Now if we would like to check for an array whether a condition is met for all elements, it would be nice to make an array with the indices where this statement is true. You can do this by using Boolean variables.

Booleans are variables that have two values true or false. You can use Python to check whether a statement is true or false and Python then generates a boolean variable. For example, for a variable a

In [ ]:
a=2>3
print(a)

results in a being of type bool and having a value of False. Boolean indexing works in the following way: if x is an and y is a boolean-value array of the same shape as x. Then x[y] returns an array that is formed by from x and contains the values where y is True. Try it out for yourself.

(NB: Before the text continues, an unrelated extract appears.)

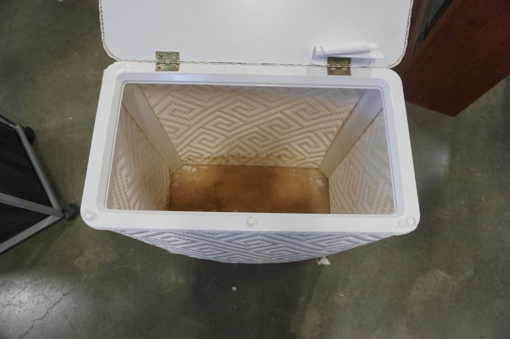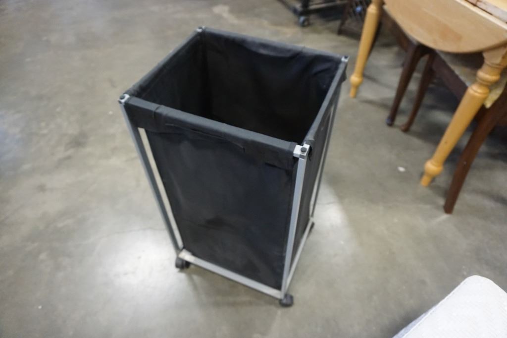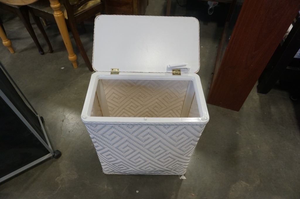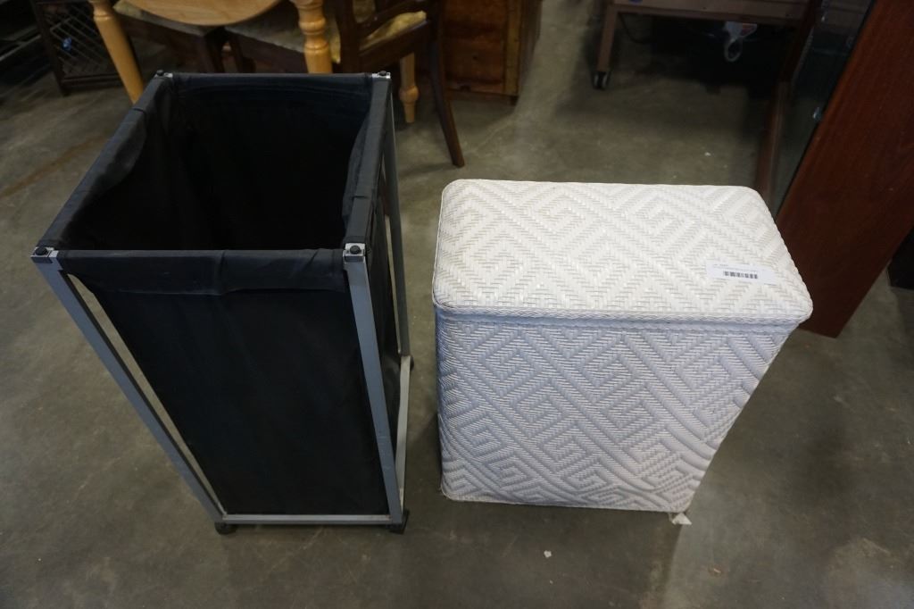 WICKER HAMPER AND BLACK FABRIC HAMPER

Generate an array x of 100 random numbers between 0 and 10 and count (without using a for loop) how many numbers are larger than 5.

Method 1:

  • Make a Boolean variable y for the condition x>5
  • Print the variable y, the values are Boolean, i.e.,True or False
  • Extract from array x the elements that match the condition with x[y]
  • Calculate the length of the extracted array
In [ ]:
###
### Your code here
###

Just as you can extract a series of numbers from an array with advanced indexing Python recognizes that if you use a Boolean array you to convert it to an array with values equal to the locations that are True.

Method 2

  • Make a Boolean variable y for the condition x>5
  • Take the sum of y
In [ ]:
### BEGIN SOLUTION
N=20
x=10*np.random.rand(N)

# Method 2
y=(x>5)
z=sum(y)
print(z)

### END SOLUTION

Obviously, method 2 is much faster to implement. But wait a minute, a sum over an array of Booleans creates an integer number, something weird must be going on here?!

In fact, Python is sufficiently clever to understand that if you take a sum that True counts as 1 and False as zero. Another way of seeing is this is that 1*y, with y a Boolean array, generates a sequence of ones and zeros that can be summed. So when performing mathematical operations with Booleans these may be converted to numeric values.

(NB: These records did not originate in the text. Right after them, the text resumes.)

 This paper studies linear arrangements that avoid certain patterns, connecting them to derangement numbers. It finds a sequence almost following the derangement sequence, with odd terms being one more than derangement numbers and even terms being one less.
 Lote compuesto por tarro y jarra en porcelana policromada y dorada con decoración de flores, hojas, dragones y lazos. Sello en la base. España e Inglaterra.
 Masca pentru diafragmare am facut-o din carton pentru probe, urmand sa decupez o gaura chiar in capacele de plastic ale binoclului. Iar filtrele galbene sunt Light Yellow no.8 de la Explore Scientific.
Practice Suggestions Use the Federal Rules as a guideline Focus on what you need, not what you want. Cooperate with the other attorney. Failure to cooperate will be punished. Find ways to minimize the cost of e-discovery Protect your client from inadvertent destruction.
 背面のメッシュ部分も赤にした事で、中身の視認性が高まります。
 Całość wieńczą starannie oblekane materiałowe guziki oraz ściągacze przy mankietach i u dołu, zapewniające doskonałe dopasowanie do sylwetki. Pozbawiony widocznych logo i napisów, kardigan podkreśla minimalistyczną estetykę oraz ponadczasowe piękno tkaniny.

Multi-dimensional integration

Using the method of Boolean indexing, the speed of calculating Monte-Carlo integrals through the mean value method can be improved. When the mean value method is used to calculate areas or volumes $f(\vec{r}_i)=1$. In the most general case $f(\vec{r}_i)$ is the function that is integrated over an area or volume.

Exercise 5

Change your code for calculating $\pi$ using Boolean indexing, i.e. replace the for loop with two lines of code: one for Boolean indexing the points within the circle, the second for calculating the sum.

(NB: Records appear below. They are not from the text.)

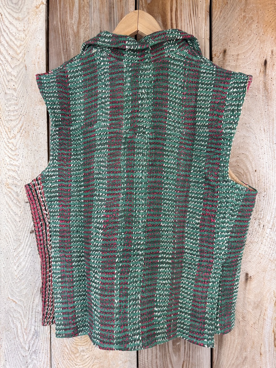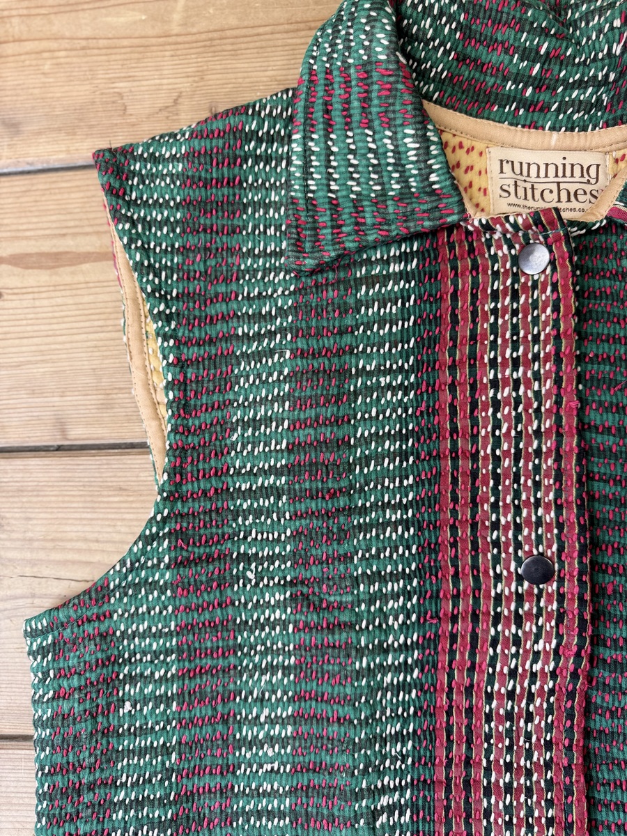 Crafted with care from a finely-stitched single vintage kantha quilt, this waistcoat is a sustainable wardrobe choice to last forever. With unique character, each is one-of-a-kind. Medium-weight, ideal for layering in different seasons.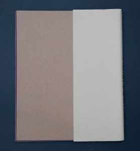Sobrecubierta de cartulina ocre, texto rotulado en t.c., sello FH en sobrecubierta y lomo con sello de fechas; 33,6 x 27,5 cm.; cubierta de display comercial, texto rotulado en t.c., sello FH y sello de fechas sobre papel pautado adhesivado en cubierta; contracubierta de cartoncillo marrón.
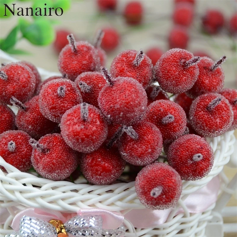 10 шт. см 2 см мини Apple поддельные фрукты стекло ягоды искусственный гранат красный букет цветов вишневого дерева тычинки Рождество декоратив...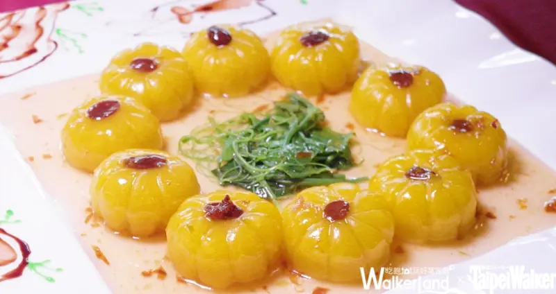 ▲黃金南瓜包 / 一口咬下滿滿的蔬食餡料配上嚼勁的南瓜外皮,層次極為豐富。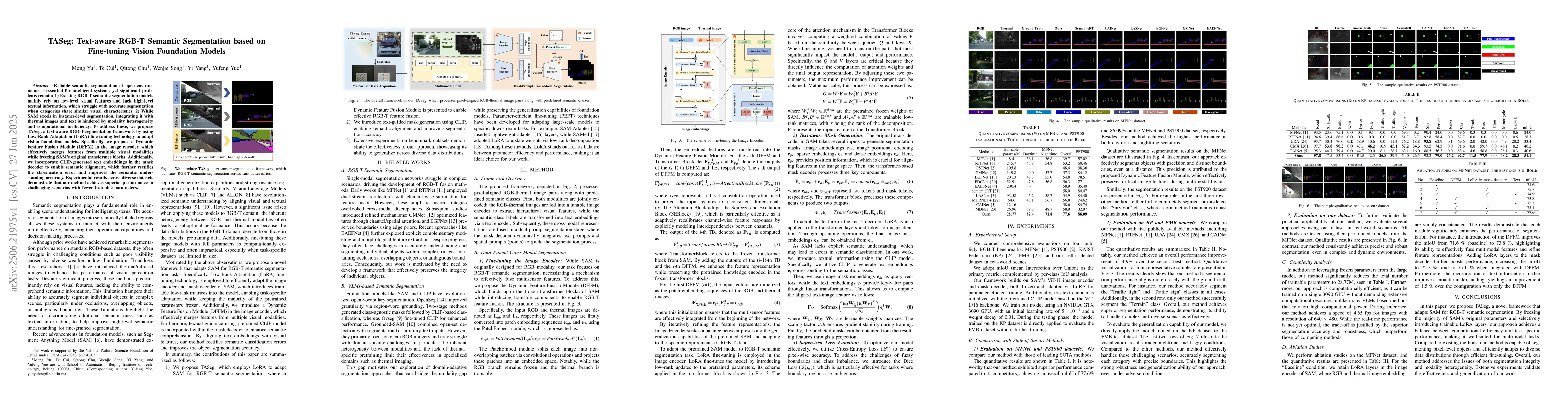 Reliable semantic segmentation of open environments is essential for intelligent systems, yet significant problems remain: 1) Existing RGB-T semantic segmentation models mainly rely on low-level visual features and lack high-level textual information, which struggle with accurate segmentation when categories share similar visual characteristics. 2) While SAM excels in instance-level segmentation, integrating it with thermal images and text is hindered by modality heterogeneity and computational inefficiency. To address these, we propose TASeg, a text-aware RGB-T segmentation framework by using Low-Rank Adaptation (LoRA) fine-tuning technology to adapt vision foundation models. Specifically, we propose a Dynamic Feature Fusion Module (DFFM) in the image encoder, which effectively merges features from multiple visual modalities while freezing SAM's original transformer blocks. Additionally, we incorporate CLIP-generated text embeddings in the mask decoder to enable semantic alignment, which further rectifies the classification error and improves the semantic understanding accuracy. Experimental results across diverse datasets demonstrate that our method achieves superior performance in challenging scenarios with fewer trainable parameters.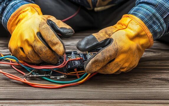 Manual Worker Holding Yellow Safety Helmet with Protective Gloves on Vibrant Yellow and Orange Background, Emphasizing Workplace Security and Safety Concepts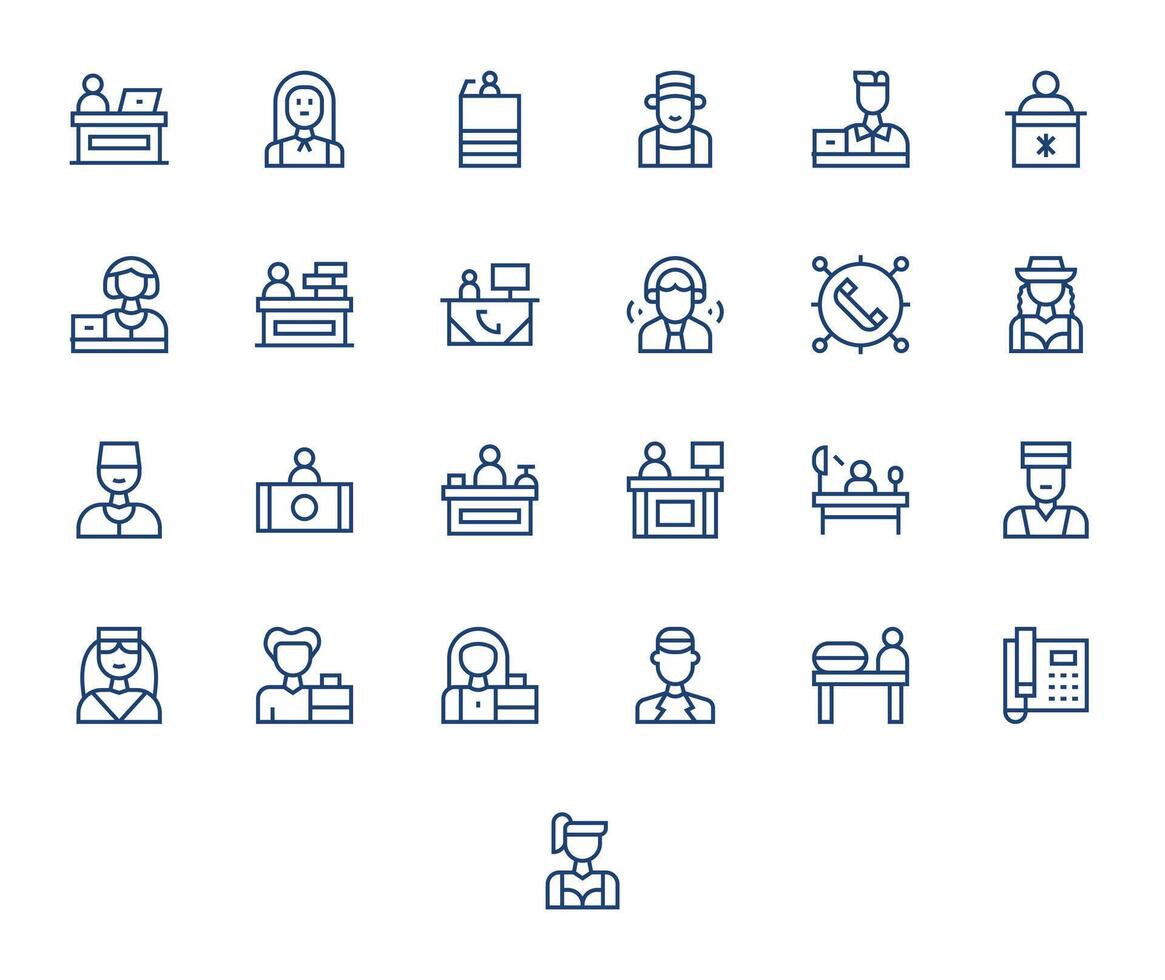25 alto resolución regular línea íconos para recepcionista con editable precisión vector

The beauty of Monte-Carlo integration is that extension to higher dimensionality integrals is straightforward. Just generate the random numbers in the multi-dimensional space enclosing the to be integrated volume $S$, apply Boolean indexing, and calculate the mean value.

Exercise 6

In this exercise we are going to calculate the mass of a 3D sphere with linearly increasing density. This problem is quite challenging to do analytically, but with Monte Carlo integration it is relatively easy.

Let's first start with the simple problem of determining the mass of a sphere with uniform density $\rho_0=1.5$ kg/m$^3$. The sphere has a radius of 1 meter, and we initially integrate it with $N=100$ points.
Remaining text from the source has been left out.